Лунные ночи
Шрифт:
— Ты пока наш председатель, — зло крикнула Дарья Сошникова — От тебя люди ждут совета, заключать нам договор на эти триста тонн или нет.
Еремин нашел глазами Дарью, сидевшую в окружении женщин с правой стороны от стены. С одной стороны от Дарьи сидела смешливая Стешка Косаркина, с другой — кареглазая Мария Сухарева.
— Вы же сами знаете, товарищи колхозники, что такое для нас хлеб. — И Черенков налил из графина в стакан воды и с жадностью выпил.
— Петли, сукин сын, вяжет, — наклонился в президиуме Калмыков к Еремину.
Теперь и Еремин окончательно убедился в том, что Черенков сам продавать хлеб не хочет и заигрывает с колхозниками, выставляя себя защитником их интересов.
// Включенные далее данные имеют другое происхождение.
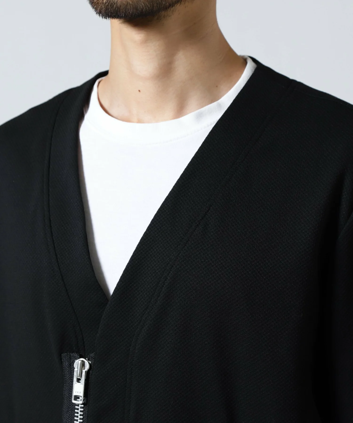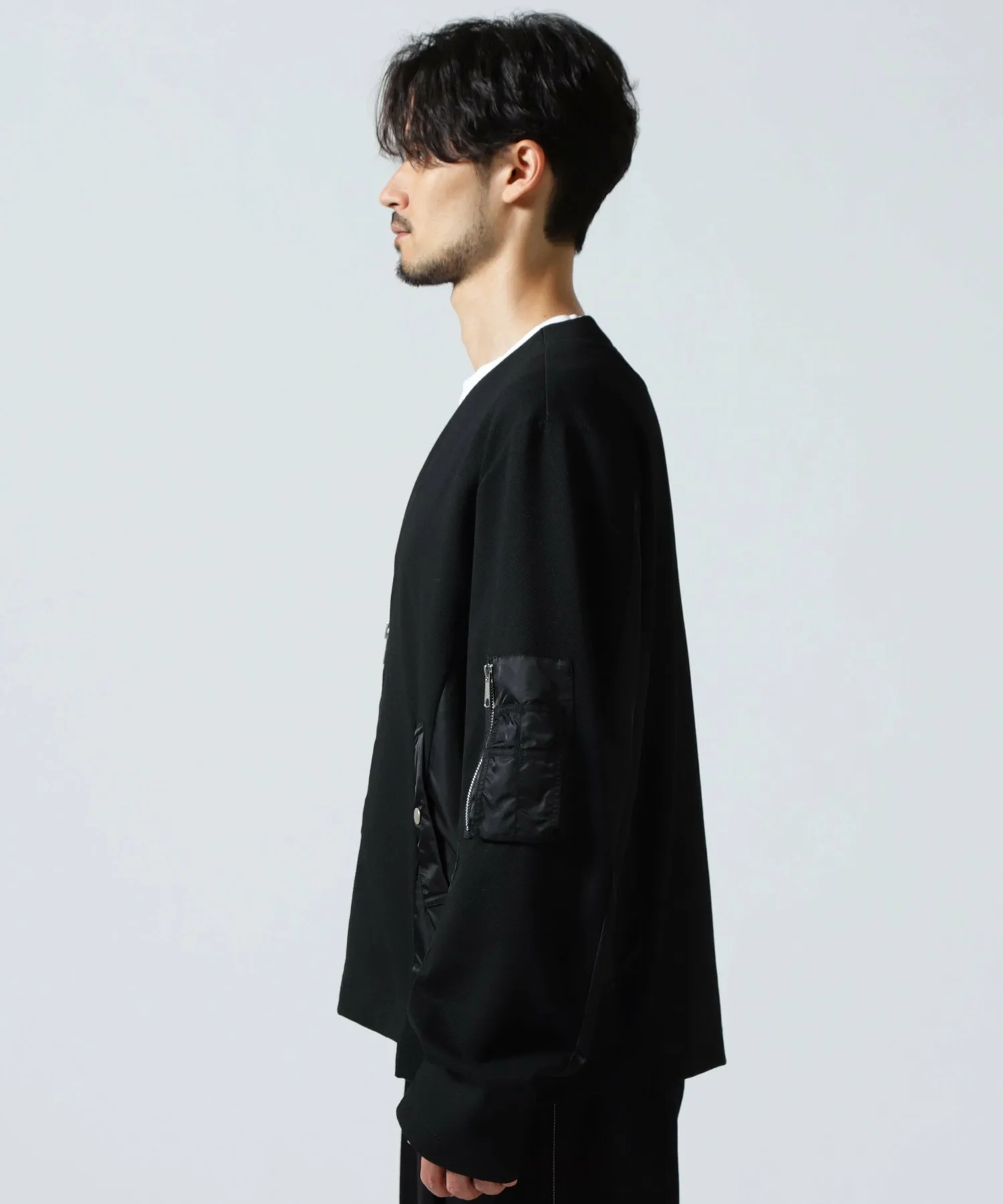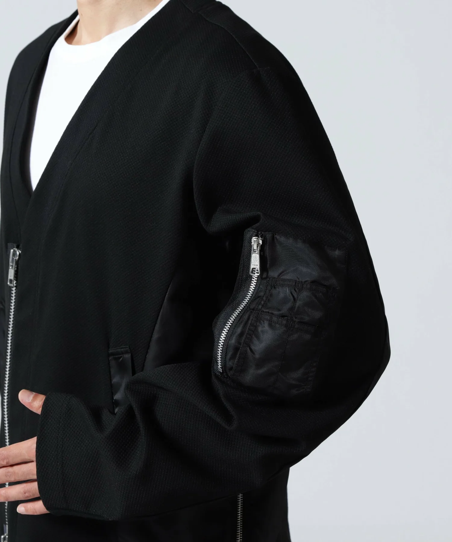 Этот кардиган выполнен в стиле милитари, с нейлоновой вставкой от основной части до рукавов, что создает впечатление куртки.

И это
— Вы расскажите колхозникам, товарищ Черенков, — сказал Еремин, — сколько еще останется хлеба в колхозе после продажи этих трехсот тонн.
— Останутся, Иван Дмитриевич, сто двадцать тонн и отходы, — испуганно и наивно посмотрел Черенков на Еремина.
— Неверно говорите, — вдруг послышался сердитый голос от двери. — Люди еще правда подумают, что у нас нет хлеба.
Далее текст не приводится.